Saved entries
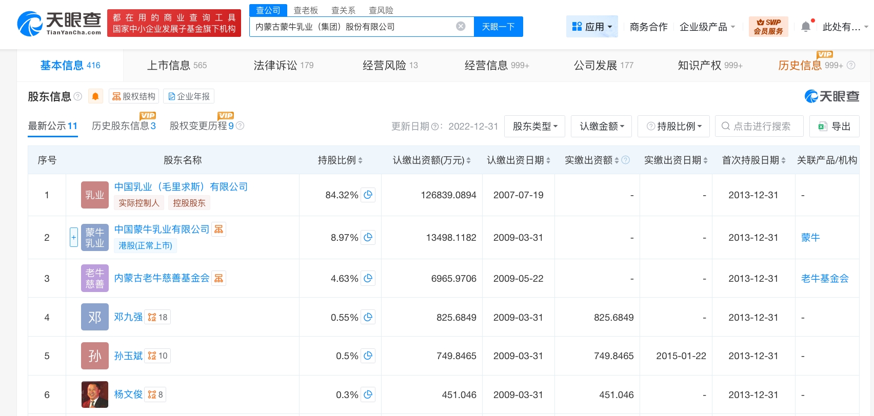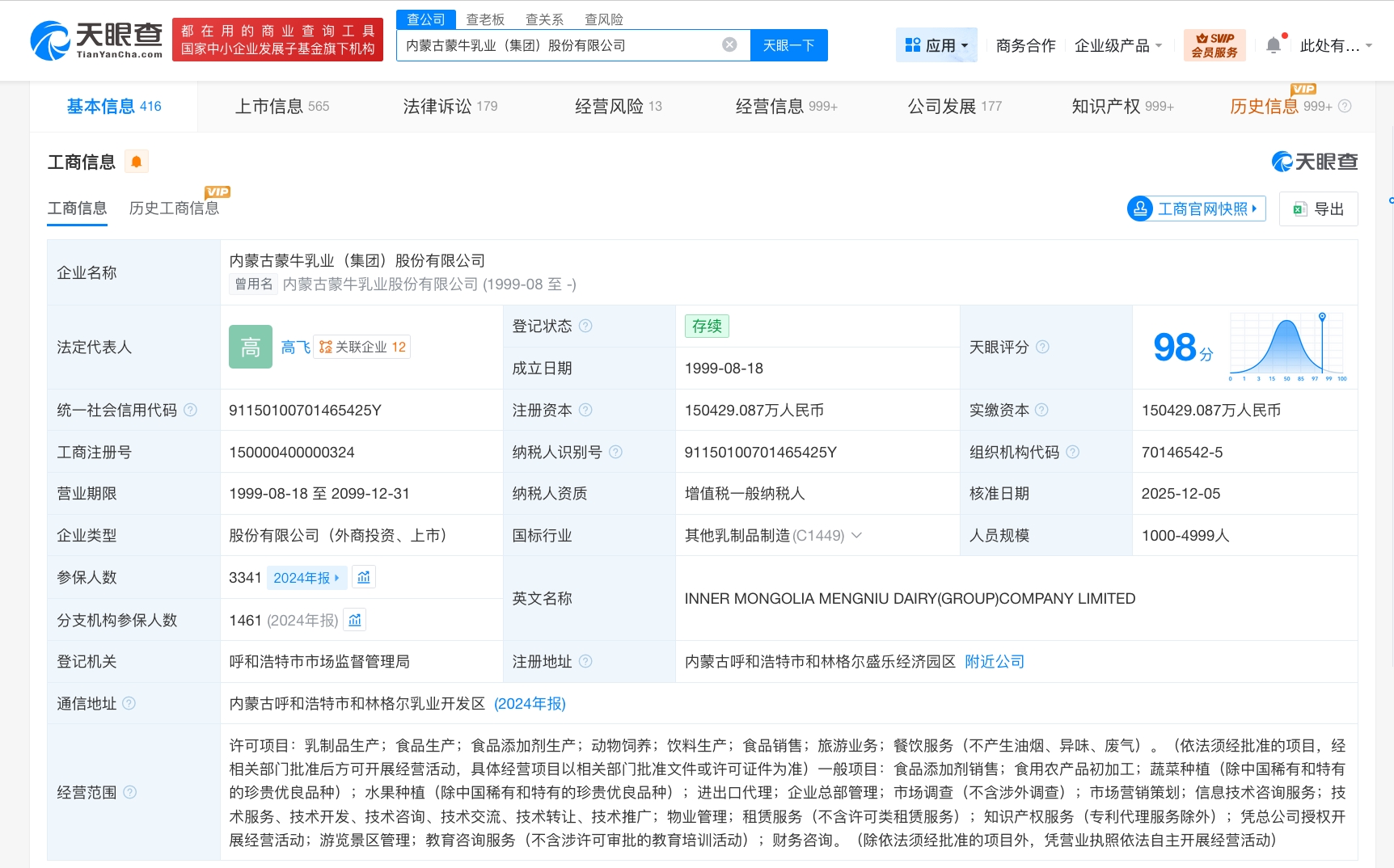 工商信息显示,内蒙古蒙牛乳业(集团)股份有限公司成立于1999年8月,法定代表人为高飞,注册资本约15亿人民币,经营范围含乳制品生产、食品生产、食品添加剂生产、动物饲养、饮料生产、食品销售等。股东信息显示,该公司由中国乳业(毛里求斯)有限公司、中国蒙牛乳业有限公司、内蒙古老牛慈善基金会等共同持股。
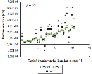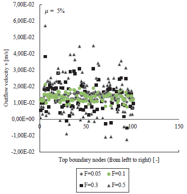 = {5%,10%} with different values of the standard deviation a are plotted from Figure 7 to Figure 12. Figure 7 presents the resulting outflow velocity v for each node located at the top boundary for
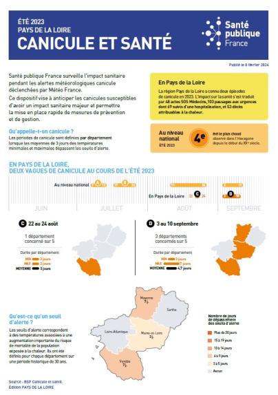 La région Pays de la Loire a connu deux épisodes de canicule en 2023. L'impact sur la santé s'est traduit par 48 actes SOS Médecins,103 passages aux urgences dont 69 suivis d'une hospitalisation, et 53 décès attribuables à la chaleur.
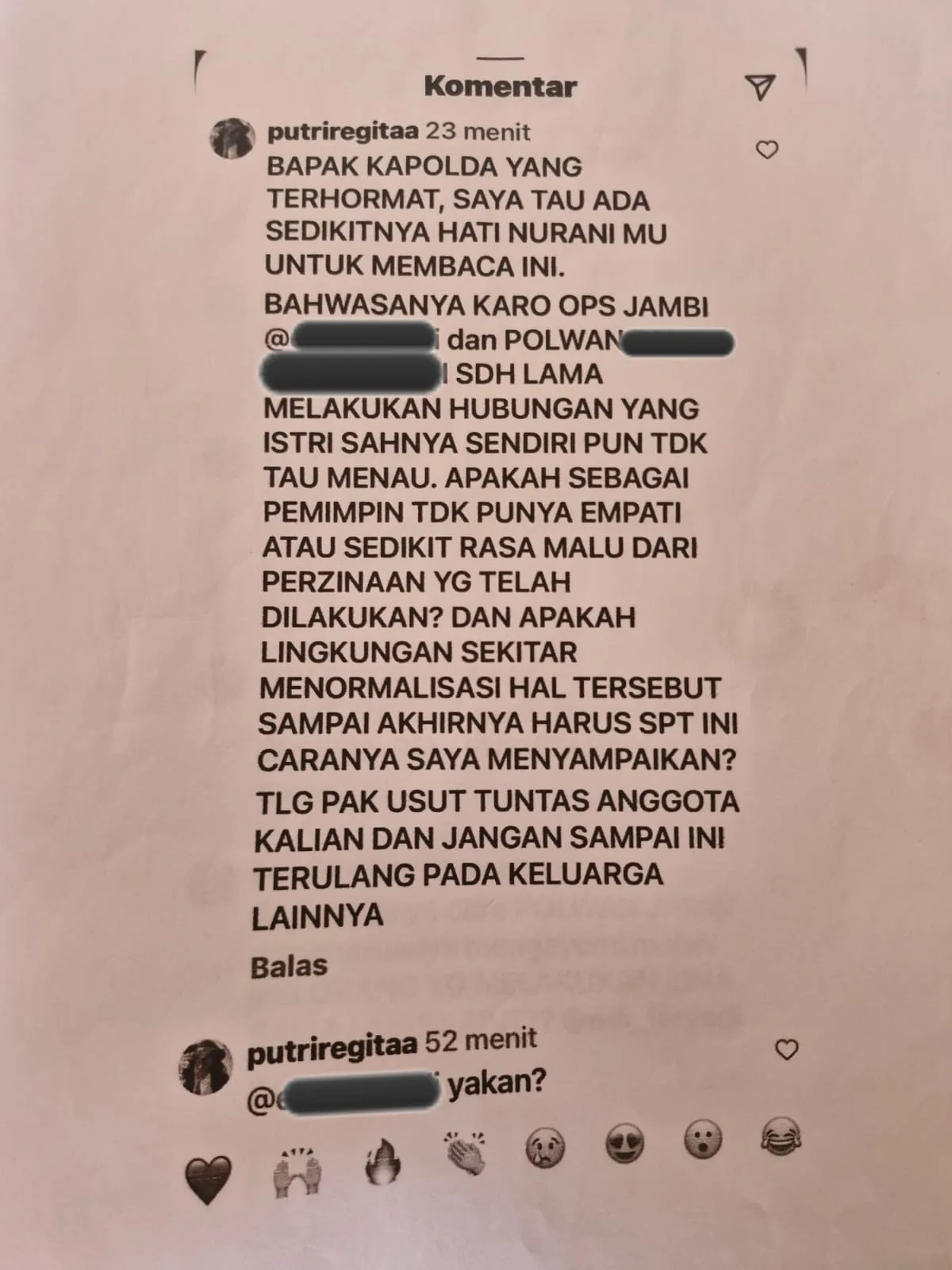 Salah satu komentar berasal dari akun @putriregitaa, yang menyinggung dugaan hubungan terlarang antara oknum perwira menengah Pejabat Utama Polda Jambi dan seorang polwan yang bertugas di Ditlantas Polda Jambi.
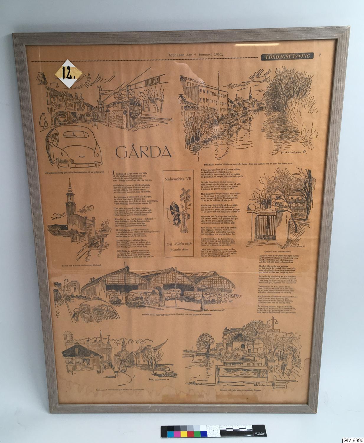 tavla, plansch, stadsvandring, tidningsurklipp, tidning, gårda
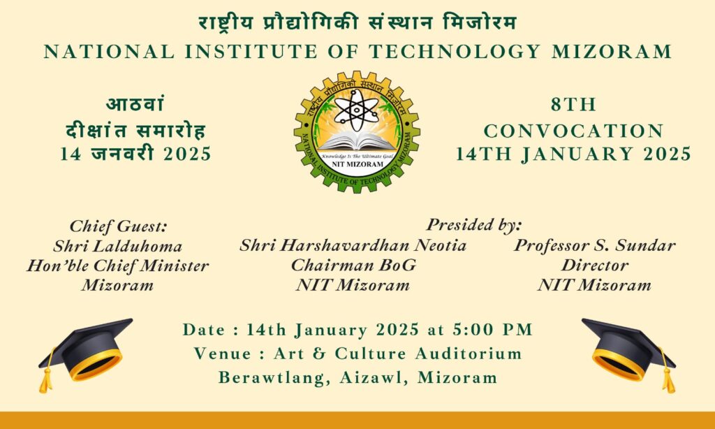 National Institute of Technology Mizoram will organize its 8th Convocation on 14th January 2025 (Tuesday)
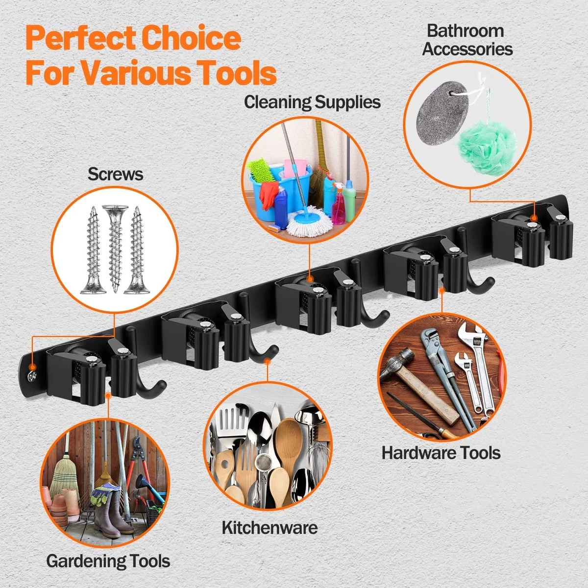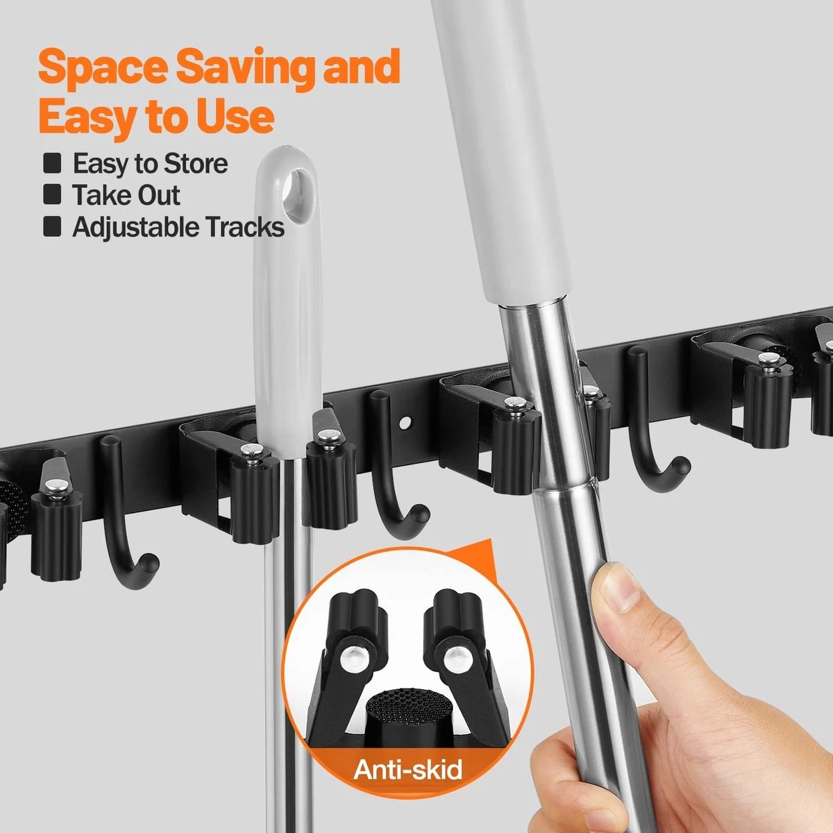Ruimtebesparend en gemakkelijk te gebruiken: Met 5 rekken en 6 haken biedt deze bezemhouder-muurbevestiging in totaal 9 ophangposities voor uw gereedschap, waardoor uw ruimte maximaal wordt bespaard. Zodra u de bezemsteel in de driehoekige clip klemt, past deze automatisch in de verschillende diktes van de handgrepen en vergrendelt deze zonder te schuiven. Dankzij de siliconen tandwielrol kun je hem er gemakkelijk uithalen door de handgrepen op te tillen.

**Work instructions:** Out of the records above, set down only the lines from the one that contains "Salah satu komentar" through the one that contains "National Institute of", unchanged and without the pictures.

**Response area:**
 Salah satu komentar berasal dari akun @putriregitaa, yang menyinggung dugaan hubungan terlarang antara oknum perwira menengah Pejabat Utama Polda Jambi dan seorang polwan yang bertugas di Ditlantas Polda Jambi.
 tavla, plansch, stadsvandring, tidningsurklipp, tidning, gårda
 National Institute of Technology Mizoram will organize its 8th Convocation on 14th January 2025 (Tuesday)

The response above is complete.